The Little Tombstone Cozies Box Set
Page 13
I was glad she hadn’t been at Little Tombstone to see what I had seen.
“Officer Reyes told me that the autopsy concluded that she died from a single gunshot wound, but that the bullet that killed her couldn’t have possibly come from Uncle Ricky’s antique revolver. It came from a weapon of modern make.”
“I know,” Georgia said.
I waited for her to say something else, but she didn’t. Instead, she stopped drawing lines in the spilled sugar and put her hands in her lap.
“Is there anyone who might have wanted Freida dead?” I asked.

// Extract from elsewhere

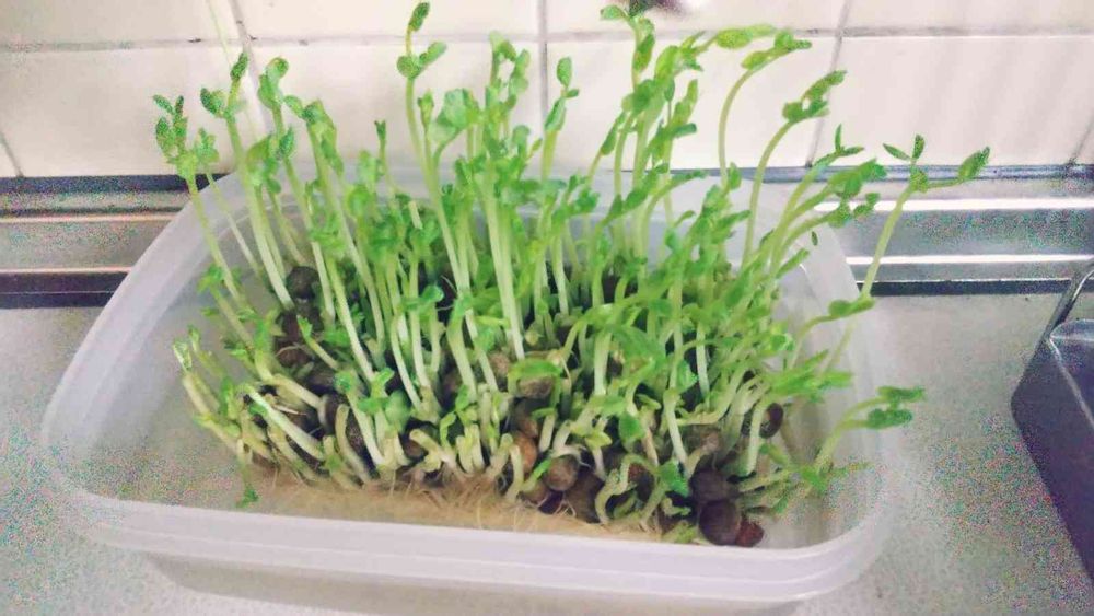 豆苗を食べ終わり、根っこの所を残して、水をあげたら、みるみる生えてきました。ハーブ(?)ですが、可愛らしいので投稿しました。

It was a terrible question to ask, but there seemed no point in tiptoeing around the issue.
“Lots of people were probably pretty happy to hear that she’d died,” Georgia said. “I know that’s a horrible thing to say, but it’s the truth. My sister had a special talent for making people hate her.”
“But you can’t think of anyone who hated her enough to kill her?”
“Look,” said Georgia, her voice rising. “Sometimes it’s better to leave well enough alone.”
I’d never seen my cousin Georgia cry, not even when we were kids, but she was crying now.
“I know that you know who killed Freida,” I said. I hadn’t meant to say those words out loud, they just came tumbling out. “Why won’t you tell?”
Chapter Twenty-Six
When I accused Georgia of knowing who’d killed her twin, my cousin sprang to her feet so fast she knocked her metal chair over with a clatter. Other patrons were staring, and a barista came out to make sure everyone was all right.
When Georgia had righted her chair, the barista had gone away, and everyone else had stopped staring, my cousin and I sat down once more.
“Emma, you’ve got to let this one go,” Georgia pleaded.
“Why?”
“Freida wasn’t murdered.”
“She was shot point-blank, execution-style,” I protested. “How can that be categorized as anything but murder?”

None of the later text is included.